Noch extremere Bedingungen herrschen an den Standorten der Flutrasen, die stets nur in kleinen abflußlosen Senken und Mulden wachsen. Da dort der Boden sehr tonreich und zudem an der Oberfläche verdichtet ist, verbleibt das nährstoffreiche Überschwemmungs- , aber auch das Regenwasser von Starkniederschlägen für längere Zeit auf der Bodenoberfläche. Die Flutrasen bestehen deshalb vorwiegend aus Arten, die an Luftmangel im Boden und langanhaltenden Wasserüberstau angepaßt und zudem in der Lage sind, die durch Absterben weniger robuster Arten entstandenen Lücken in kürzester Zeit zu besiedeln. Zu diesen sog. Kriechpionieren zählen: Flecht - Straußgras (Agrostis stolonifera), Knick - Fuchsschwanz (Alopecurus geniculatus) und Kriech - Hahnenfuß (Ranunculus repens). Im Lahntal können drei Flutrasen - Gesellschaften unterschieden werden:

– Knickfuchsschwanz-Rasen: Charakterart Alopecurus geniculatus;

– Fuchsseggen-Ried: Charakterart Carex vulpina;

– Glyceria pedicellata-Gesellschaft: charakterisiert durch Glyceria x pedicellata, das Kreuzungsprodukt aus Flutendem (Glyceria fluitans) und Gefaltetem Schwaden (G. plicata).
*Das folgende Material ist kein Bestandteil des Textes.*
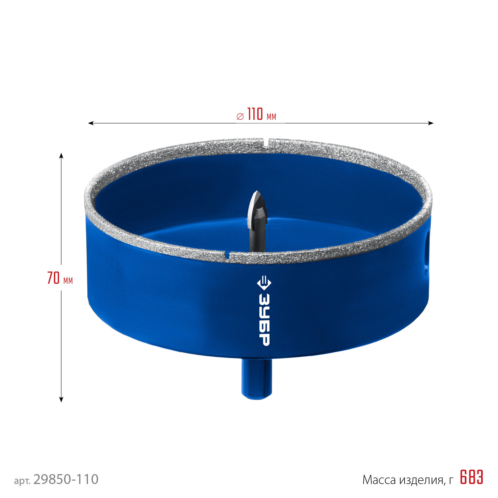ЗУБР АГК d 110 мм (центр. сверло, трехгр. хвост, Р60), Алмазная коронка, Профессионал (29850-110)

In den von Natur aus artenarmen Feuchtwiesen-, Seggen-, Röhricht- und Flutrasen - Gesellschaften der Lahnaue sind Arten der Roten Listen nicht selten (s. Abschnitt 3). Die besondere Bedeutung dieser Pflanzenbestände ist jedoch in ihrer Verteilung im Gelände zu sehen. Da bereits geringste Standortsunterschiede die eine oder die andere Pflanzenformation begünstigen, kommen häufig auf engstem Raum mehrere dieser Gesellschaften vor. In ihrer mosaikartigen Anordnung tragen die an nasse Standorte gebundenen Grünland - Pflanzengesellschaften erheblich zum abwechslungsreichen Bild der Lahnaue bei.